By Richard Laliberte
Emmy Hall was only 13 the first time she got high on "Vikes." She'd had a serious ear infection, and her doctor recommended Vicodin, a medicine commonly prescribed for severe pain. "I knew you could get high on it, but I'd never had temptation so close at hand," she says. Her mother, who had no reason not to trust Emmy, had stored the bottle in the medicine cabinet. "I popped two or three at first, then a couple more an hour later," Emmy recalls. "I got really loaded, but I figured doing 'Vikes' was harmless because they're legal." When a girlfriend urged her to try "Skittles" -- slang for over-the-counter cough and cold tablets -- Emmy was game. "The words kids use for drugs are cute and make you think of fun things like candy," she explains. "That makes you less tense about taking them. But once you start, you want to keep moving on to the next exciting thing."

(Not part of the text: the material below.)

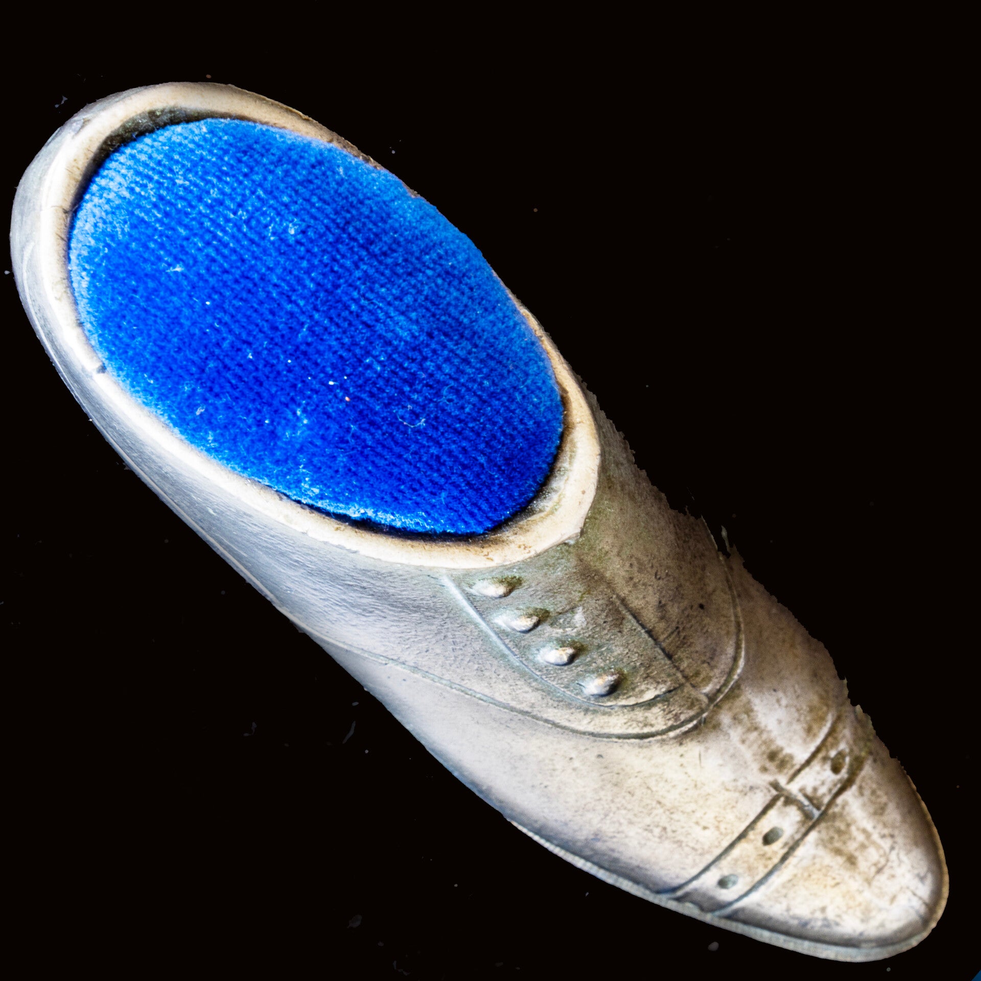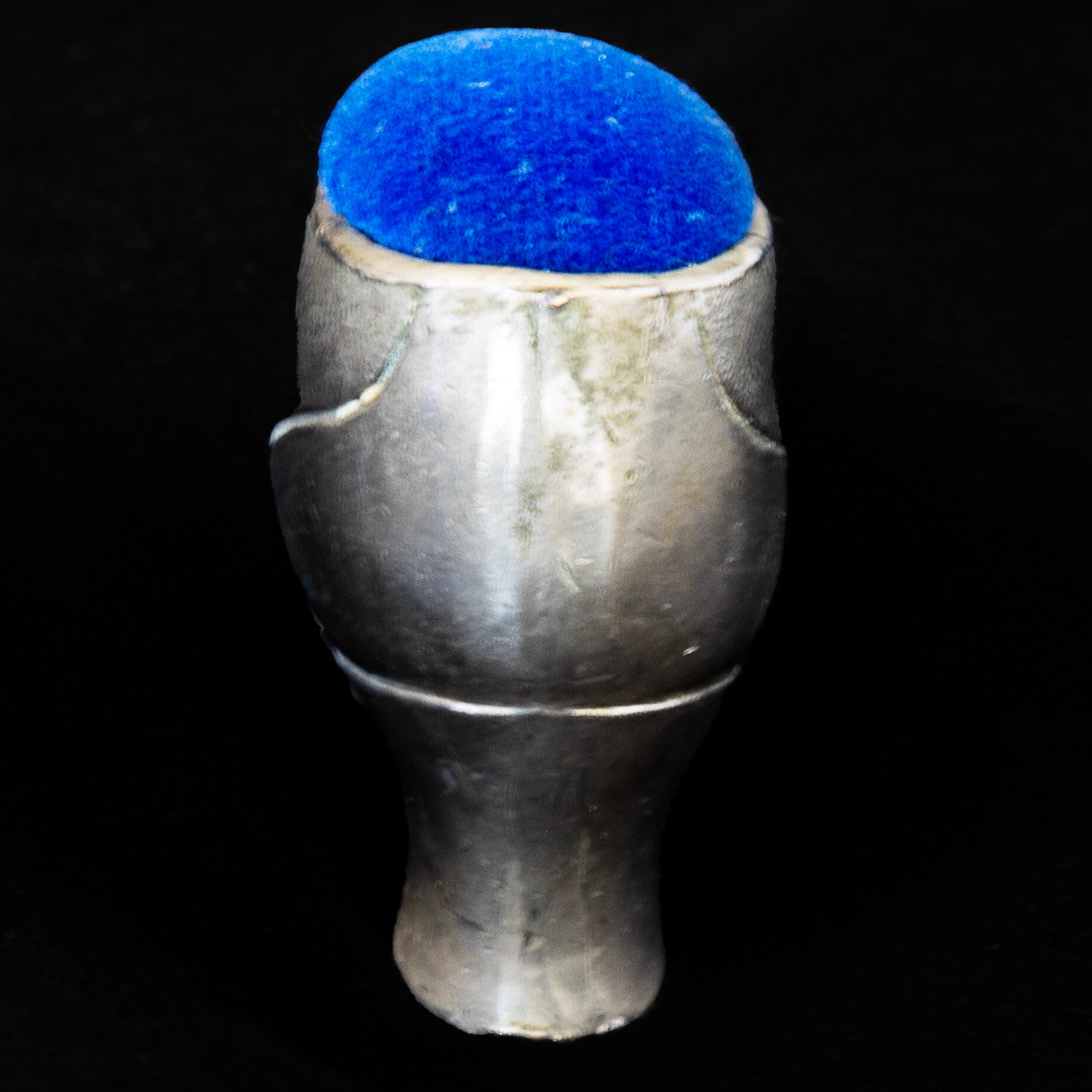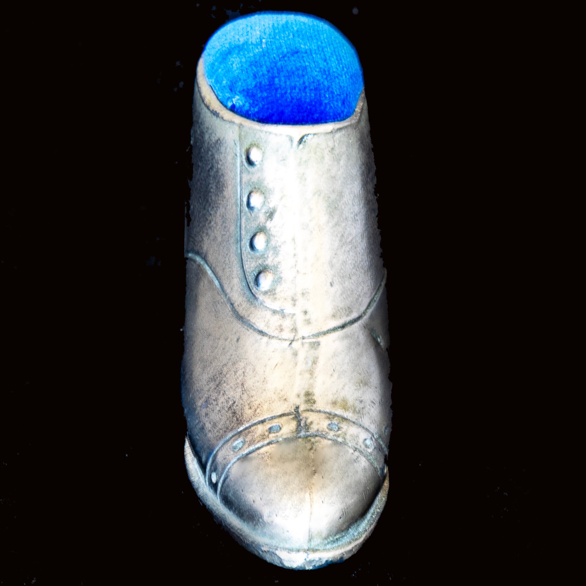 An attractive white metal ‘shoe’ with a velvet pin cushion above the four button vamp. While this style of shoe dates back to the 1850’s – 1920’s and I don’t think we can assume the pin cushion is of equal age. However, I believe the metal to be pewter, which has had a polished silver coating, now worn away in quite a few places, so perhaps early 20th century. The ‘shoe’ measures 102mm in length and stands a maximum of 58mm tall. As photographs form an important part of the description, happy to provide additional images if requested.

For Emmy, "Skits" were the gateway to methamphetamines. The good girl who had attended a private religious school became a full-blown addict at 14 and repeatedly ran away from home, returning only when she needed money. Arrested for meth possession in 2004, she was placed in rehab, and after five hard months came back to Grants Pass, Oregon, where she's now a high school senior. "I'm blessed with family and friends who support me," says Emmy, 18. "But I still cry sometimes knowing that some of the girls I was in treatment with are back on the streets or dead -- and that I was one step away from the same fate."